The present study investigated the effects of cadence and power output on corticospinal excitability to the biceps (BB) and triceps brachii (TB) during arm cycling. Supraspinal and spinal excitability were assessed using transcranial magnetic stimulation (TMS) of the motor cortex and transmastoid electrical stimulation (TMES) of the corticospinal tract, respectively. Motor-evoked potentials (MEPs) elicited by TMS and cervicomedullary motor-evoked potentials (CMEPs) elicited by TMES were recorded at two positions during arm cycling corresponding to mid-elbow flexion and mid-elbow extension (i.e., 6 and 12 o'clock made relative to a clock face, respectively). Arm cycling was performed at combinations of two cadences (60 and 90 rpm) at three relative power outputs (20, 40, and 60% peak power output).

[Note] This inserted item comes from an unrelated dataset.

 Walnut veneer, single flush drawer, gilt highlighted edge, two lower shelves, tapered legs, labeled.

At the 6 o'clock position, BB MEPs increased ~11.5% as cadence increased and up to ~57.2% as power output increased ( P < 0.05). In the TB, MEPs increased ~15.2% with cadence ( P = 0.013) but were not affected by power output, while CMEPs increased with cadence (~16.3%) and power output (up to ~19.1%, P < 0.05). At the 12 o'clock position, BB MEPs increased ~26.8% as cadence increased and up to ~96.1% as power output increased ( P < 0.05), while CMEPs decreased ~29.7% with cadence ( P = 0.013) and did not change with power output ( P = 0.851). In contrast, TB MEPs were not different with cadence or power output, while CMEPs increased ~12.8% with cadence and up to ~23.1% with power output ( P < 0.05). These data suggest that the "type" of intensity differentially modulates supraspinal and spinal excitability in a manner that is phase- and muscle dependent. NEW & NOTEWORTHY There is currently little information available on how changes in locomotor intensity influence excitability within the corticospinal pathway. This study investigated the effects of arm cycling intensity (i.e., alterations in cadence and power output) on corticospinal excitability projecting to the biceps and triceps brachii during arm cycling. We demonstrate that corticospinal excitability is modulated differentially by cadence and power output and that these modulations are dependent on the phase and the muscle examined.

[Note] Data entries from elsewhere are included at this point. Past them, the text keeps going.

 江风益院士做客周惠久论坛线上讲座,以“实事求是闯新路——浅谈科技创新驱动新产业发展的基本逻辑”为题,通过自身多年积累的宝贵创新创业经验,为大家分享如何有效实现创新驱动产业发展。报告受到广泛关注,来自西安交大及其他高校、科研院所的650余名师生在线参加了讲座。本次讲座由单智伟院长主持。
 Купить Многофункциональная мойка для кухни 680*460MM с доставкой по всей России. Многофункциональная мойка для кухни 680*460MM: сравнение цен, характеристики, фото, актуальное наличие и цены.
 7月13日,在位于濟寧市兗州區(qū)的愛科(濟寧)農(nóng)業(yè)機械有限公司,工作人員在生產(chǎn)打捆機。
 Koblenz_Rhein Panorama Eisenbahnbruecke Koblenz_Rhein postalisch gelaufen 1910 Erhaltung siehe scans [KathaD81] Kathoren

Extensor motoneurone properties are altered immediately before and during fictive locomotion in the adult decerebrate rat.

This study examined motoneurone properties during fictive locomotion in the adult rat for the first time. Fictive locomotion was induced via electrical stimulation of the mesencephalic locomotor region in decerebrate adult rats under neuromuscular blockade to compare basic and rhythmic motoneurone properties in antidromically identified extensor motoneurones during: (1) quiescence, before and after fictive locomotion; (2) the 'tonic' period immediately preceding locomotor-like activity, whereby the amplitude of peripheral flexor (peroneal) and extensor (tibial) nerves are increased but alternation has not yet occurred; and (3) locomotor-like episodes. Locomotion was identified by alternating flexor-extensor nerve activity, where the motoneurone either produced membrane oscillations consistent with a locomotor drive potential (LDP) or did not display membrane oscillation during alternating nerve activity. Cells producing LDPs were referred to as such, while those that did not were referred to as 'idle' motoneurones. LDP and idle motoneurones during locomotion had hyperpolarized spike threshold (Vth ; LDP: 3.8 mV; idle: 5.8 mV), decreased rheobase and an increased discharge rate (LDP: 64%; idle: 41%) during triangular ramp current injection even though the frequency-current slope was reduced by 70% and 55%, respectively. Modulation began in the tonic period immediately preceding locomotion, with a hyperpolarized Vth and reduced rheobase. Spike frequency adaptation did not occur in spiking LDPs or firing generated from sinusoidal current injection, but occurred during a sustained current pulse during locomotion. Input conductance showed no change. Results suggest motoneurone modulation occurs across the pool and is not restricted to motoneurones engaged in locomotion.